Le syndicat demande aussi de mettre à la disposition du personnel les matériels et produits indispensables, notamment pour le secrétariat, la bureautique et l’hygiène pour l’amélioration des conditions d’accueil, d’hospitalisation et de soins, d’améliorer les conditions de garde du personnel notamment au niveau des salles de garde et de restauration, d’assainir la gestion du CHU Gabriel Touré en impliquant les organes d’administration et de gestion régulièrement définis, de procéder sans délai au paiement des primes de responsabilité et de motivation du personnel et de doter le CHU Gabriel Touré d’un budget de subvention conséquent pour son fonctionnement.

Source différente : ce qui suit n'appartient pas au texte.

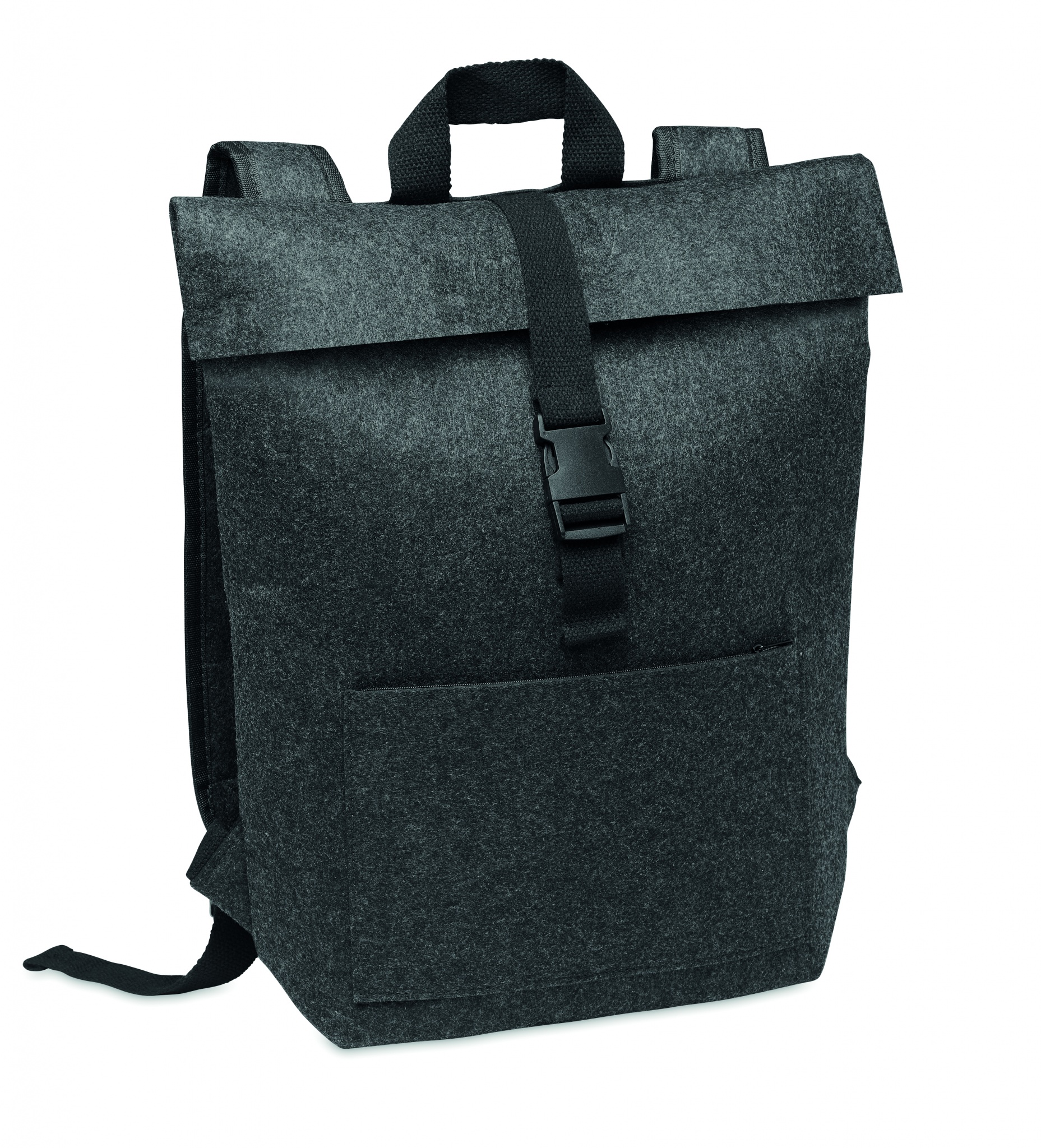 Ryggsäck av RPET-filt med bomullsrem och ficka med dragkedja på framsidan. Den har ett fack för bärbar dator.

Le syndicaliste Djimé Kanté précise que tous les points seront négociables sauf quatre. Ce sont des questions relatives au budget de l’hôpital, au salaire du personnel bi-appartenant, à la gestion du petit matériel bureautique et des consommables, mais aussi à la restauration. S’agissant du premier point, il révèle que le budget de l’établissement est en baisse depuis des années. « Le CHU Gabriel Touré a connu des restrictions budgétaires drastiques à telle enseigne que nous sommes en droit de penser à une mort programmée de cet hôpital. Pour preuve, le budget de 2017 était de 856 797 000 Fcfa. En 2018, il était de 603 754 863 Fcfa. Cette année, le budget s’élève à 302 417 000 Fcfa dont 105 millions seulement ouverts courant 1er semestre 2019 », détaille le syndicaliste.

Pour lui, il faudra un budget conséquent pour rehausser le niveau de l’hôpital. Le salaire du personnel bi-appartenant n’est pas assuré à souhait et le petit matériel bureautique ainsi que les consommables font défaut. Pour la restauration, les négociations à ce niveau n’ont pas abouti.
S’agissant de l’accueil, le syndicaliste estime qu’il faudra nécessairement l’améliorer. C’est pourquoi il propose de remplacer les hommes en uniforme par des agents de santé. « Nous voulons une infirmière qui puisse soulager le patient dès la porte », suggère-t-il. Le service minimum est assuré.